◆ ASSIGNED TASK
No pictures go into the copy. Write out every line below exactly.

◆ SOURCE MATERIAL
--- START ---

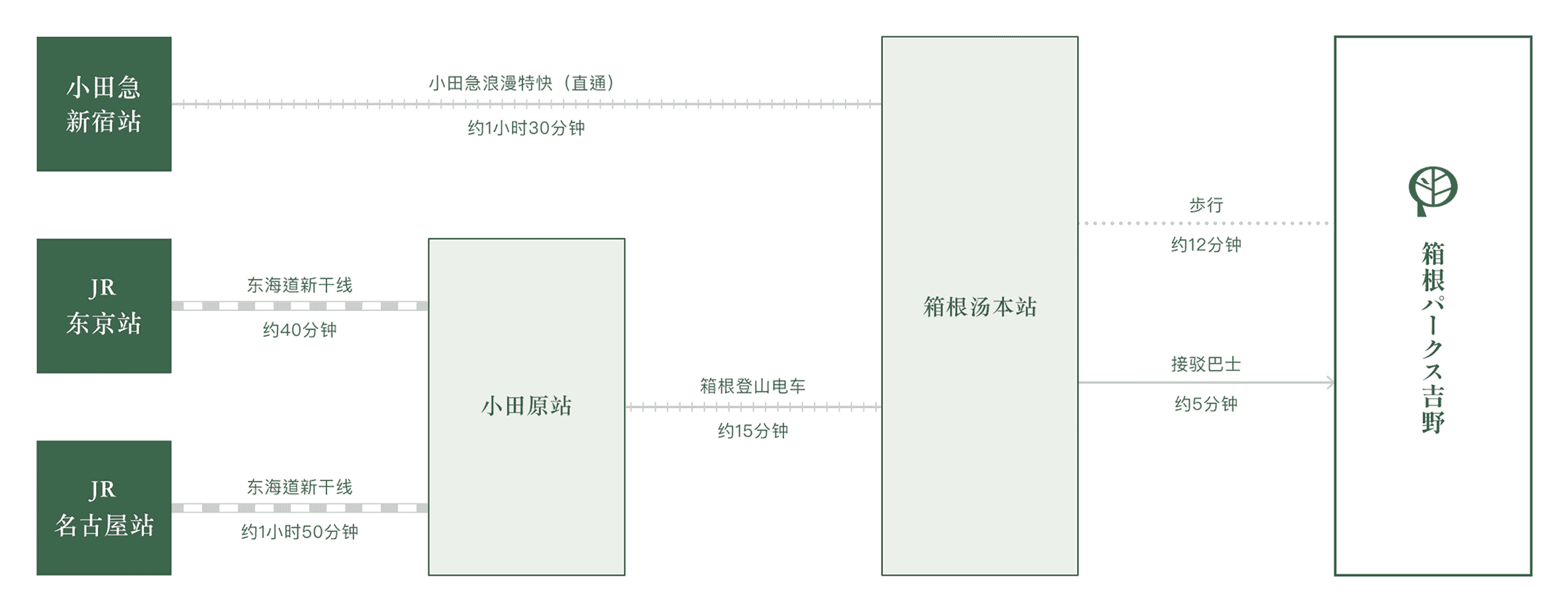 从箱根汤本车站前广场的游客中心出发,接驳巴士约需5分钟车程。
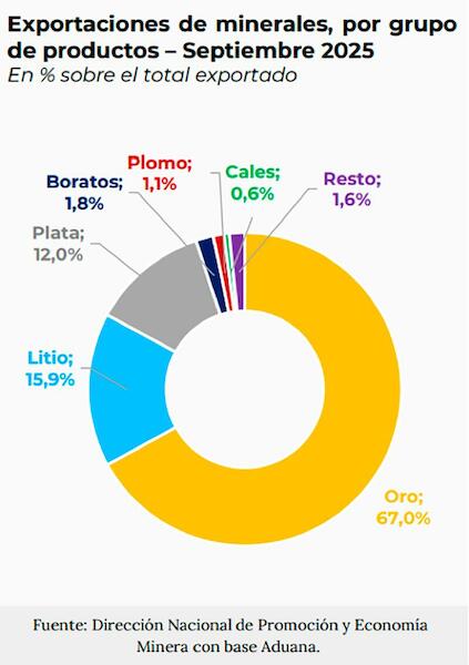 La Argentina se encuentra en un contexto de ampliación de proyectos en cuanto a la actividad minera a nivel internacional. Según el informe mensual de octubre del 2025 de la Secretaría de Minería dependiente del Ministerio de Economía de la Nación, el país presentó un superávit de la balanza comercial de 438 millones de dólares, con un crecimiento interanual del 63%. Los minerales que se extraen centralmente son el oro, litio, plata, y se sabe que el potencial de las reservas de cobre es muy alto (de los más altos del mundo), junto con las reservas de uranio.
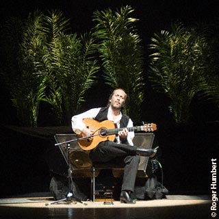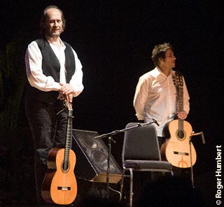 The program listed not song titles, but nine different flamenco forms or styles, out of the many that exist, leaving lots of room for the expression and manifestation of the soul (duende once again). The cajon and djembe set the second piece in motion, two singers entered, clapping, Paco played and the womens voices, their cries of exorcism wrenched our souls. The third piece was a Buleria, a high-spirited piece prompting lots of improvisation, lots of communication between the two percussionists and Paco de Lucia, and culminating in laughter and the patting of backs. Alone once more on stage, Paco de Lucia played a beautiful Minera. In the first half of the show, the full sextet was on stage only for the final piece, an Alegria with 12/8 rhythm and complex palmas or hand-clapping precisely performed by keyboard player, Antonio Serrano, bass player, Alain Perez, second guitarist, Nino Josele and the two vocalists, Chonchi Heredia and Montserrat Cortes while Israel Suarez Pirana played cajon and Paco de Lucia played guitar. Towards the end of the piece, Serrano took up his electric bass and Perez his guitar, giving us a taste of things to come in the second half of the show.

--- END ---

◆ EXERCISE RESULT
 从箱根汤本车站前广场的游客中心出发,接驳巴士约需5分钟车程。
 La Argentina se encuentra en un contexto de ampliación de proyectos en cuanto a la actividad minera a nivel internacional. Según el informe mensual de octubre del 2025 de la Secretaría de Minería dependiente del Ministerio de Economía de la Nación, el país presentó un superávit de la balanza comercial de 438 millones de dólares, con un crecimiento interanual del 63%. Los minerales que se extraen centralmente son el oro, litio, plata, y se sabe que el potencial de las reservas de cobre es muy alto (de los más altos del mundo), junto con las reservas de uranio.
 The program listed not song titles, but nine different flamenco forms or styles, out of the many that exist, leaving lots of room for the expression and manifestation of the soul (duende once again). The cajon and djembe set the second piece in motion, two singers entered, clapping, Paco played and the womens voices, their cries of exorcism wrenched our souls. The third piece was a Buleria, a high-spirited piece prompting lots of improvisation, lots of communication between the two percussionists and Paco de Lucia, and culminating in laughter and the patting of backs. Alone once more on stage, Paco de Lucia played a beautiful Minera. In the first half of the show, the full sextet was on stage only for the final piece, an Alegria with 12/8 rhythm and complex palmas or hand-clapping precisely performed by keyboard player, Antonio Serrano, bass player, Alain Perez, second guitarist, Nino Josele and the two vocalists, Chonchi Heredia and Montserrat Cortes while Israel Suarez Pirana played cajon and Paco de Lucia played guitar. Towards the end of the piece, Serrano took up his electric bass and Perez his guitar, giving us a taste of things to come in the second half of the show.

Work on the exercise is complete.